What this task involves:
Retype the data exactly, from its first line to the line containing "ポットの中に紫色のハーブが入", including both, and skip any picture.

Data extracted from a collection:
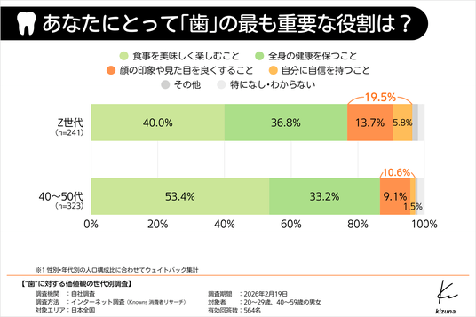 ・歯の役割に「見た目・自信」を最重視するZ世代は約2割、親世代の約1.8倍
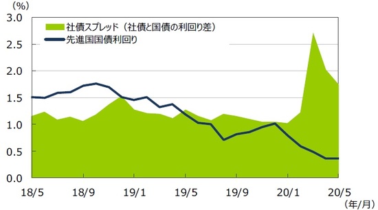 主要先進国の国債利回りは、欧米を中心とした経済再開の動きを背景にやや上昇しました。新型コロナ感染拡大を受けて各国中央銀行が強力な資金供給を実施したことなどから、利回りの上昇は抑制されたものとなっています。一方、国債と社債の利回り格差は縮小しました。米連邦準備制度理事会(FRB)の社債ETFの購入開始などが背景です。
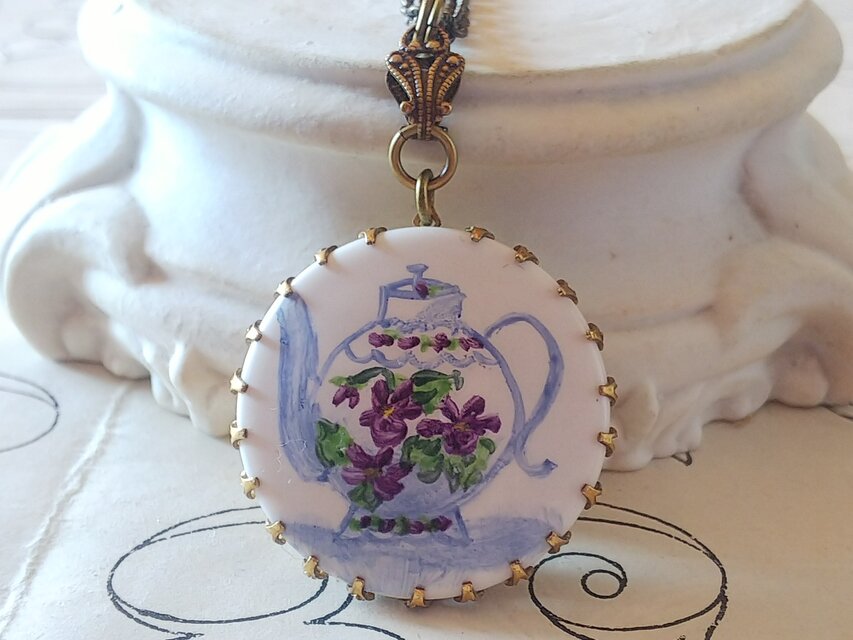 ポットの中に紫色のハーブが入っているとても可愛らしい陶磁器製のボタンでお作り致しました。
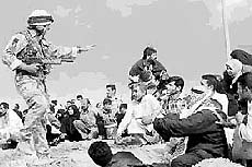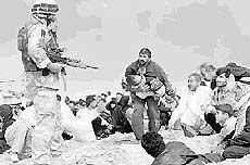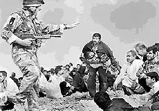 作为时报派往伊拉克前线的摄影记者,布莱恩沃斯基3月30日传回的英军士兵和伊平民的照片,曾令图片编辑激动不已,这是足以竞争普利策奖的作品啊!时报将它刊登在4月1日头版的同时发往下属其他报社,有的还在头版将图片放大到六栏。
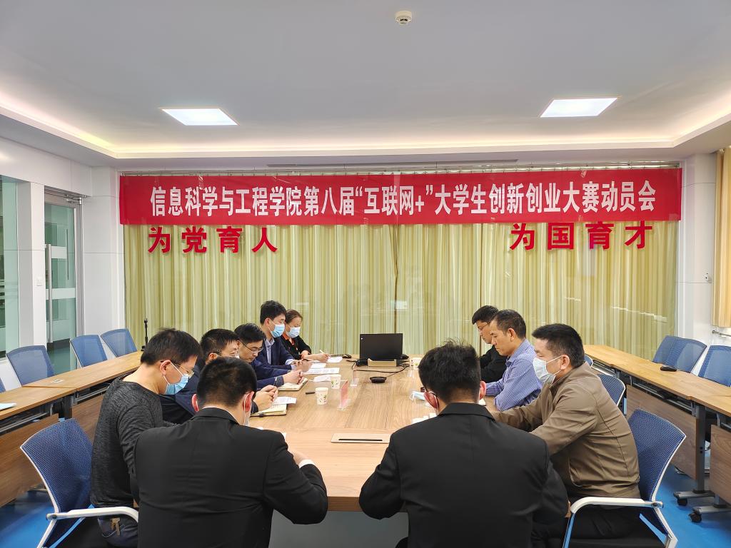 4月27日下午,信息科学与工程学院召开第八届“互联网+”大学生beat365英国官方网站大赛线上动员会,学院师生全员参加会议。动员会主会场设在墨子楼二楼会议室,beat365英国官方网站学院院长王明高、信息科学与工程学院党政领导、部分获奖教师和学生代表在主会场参加动员会,党总支书记姬广华主持会议。

Answer space:
 ・歯の役割に「見た目・自信」を最重視するZ世代は約2割、親世代の約1.8倍
 主要先進国の国債利回りは、欧米を中心とした経済再開の動きを背景にやや上昇しました。新型コロナ感染拡大を受けて各国中央銀行が強力な資金供給を実施したことなどから、利回りの上昇は抑制されたものとなっています。一方、国債と社債の利回り格差は縮小しました。米連邦準備制度理事会(FRB)の社債ETFの購入開始などが背景です。
 ポットの中に紫色のハーブが入っているとても可愛らしい陶磁器製のボタンでお作り致しました。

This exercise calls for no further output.